Widespread production of nonmicrobial greenhouse gases in soils

Carbon dioxide (CO₂ ), methane (CH₄ ), and nitrous oxide (N₂ O) are the three most important greenhouse gases (GHGs), and all show large uncertainties in their atmospheric budgets. Soils of natural and managed ecosystems play an extremely important role in modulating their atmospheric abundance. Mechanisms underlying the exchange of these GHGs at the soil-atmosphere interface are often assumed to be exclusively microbe-mediated (M-GHGs).
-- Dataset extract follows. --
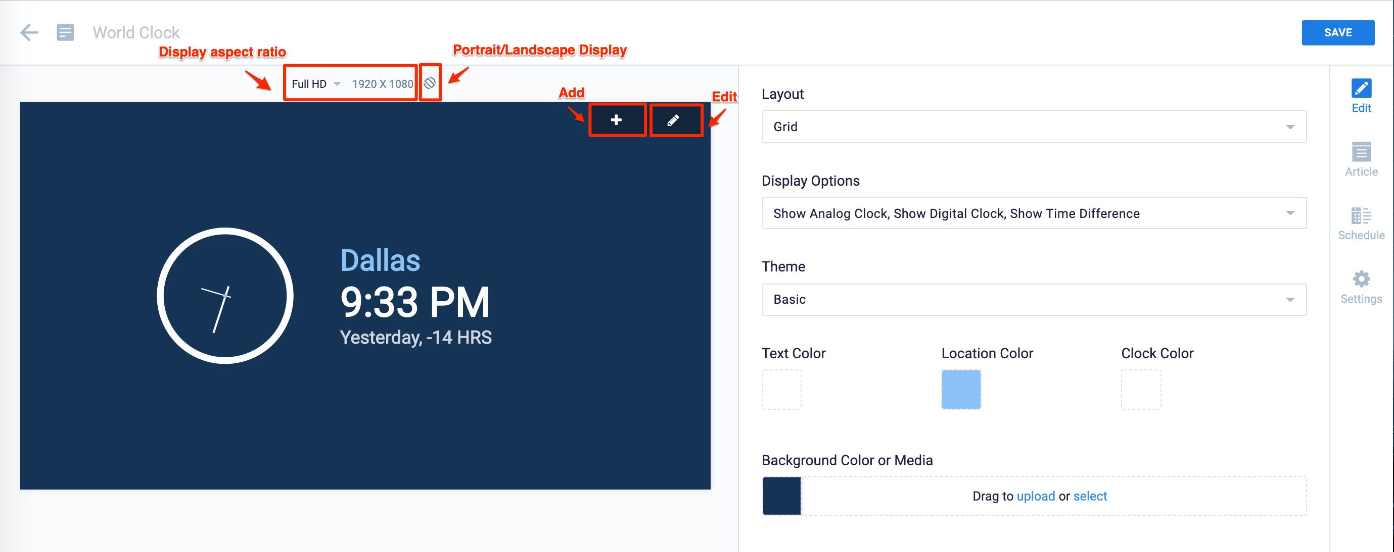 - You may add another city or up to eight different cities by clicking the Add or Edit icon. You can also preview the display settings by changing the aspect ratio or preview portrait/lanscape mode.

We argue that it is a widespread phenomenon for soil systems to produce GHGs through nonmicrobial pathways (NM-GHGs) based on a review of the available evidence accumulated over the past half century. We find that five categories of mechanistic process, including photodegradation, thermal degradation, reactive oxidative species (ROS) oxidation, extracellular oxidative metabolism (EXOMET), and inorganic chemical reactions, can be identified as accounting for their production. These pathways are intricately coupled among themselves and with M-GHGs production and are subject to strong influences from regional and global change agents including, among others, climate warming, solar radiation, and alterations of atmospheric components. Preliminary estimates have suggested that NM-GHGs could play key roles in contributing to budgets of GHGs in the arid regions, whereas their global importance would be enhanced with accelerated global environmental changes. Therefore, more research should be undertaken, with a differentiation between NM-GHGs and M-GHGs, to further elucidate the underlying mechanisms, to investigate the impacts of various global change agents, and to quantify their contributions to regional and global GHGs budgets. These efforts will contribute to a more complete understanding of global carbon and nitrogen cycling and a reduction in the uncertainty of carbon-climate feedbacks in the Earth system.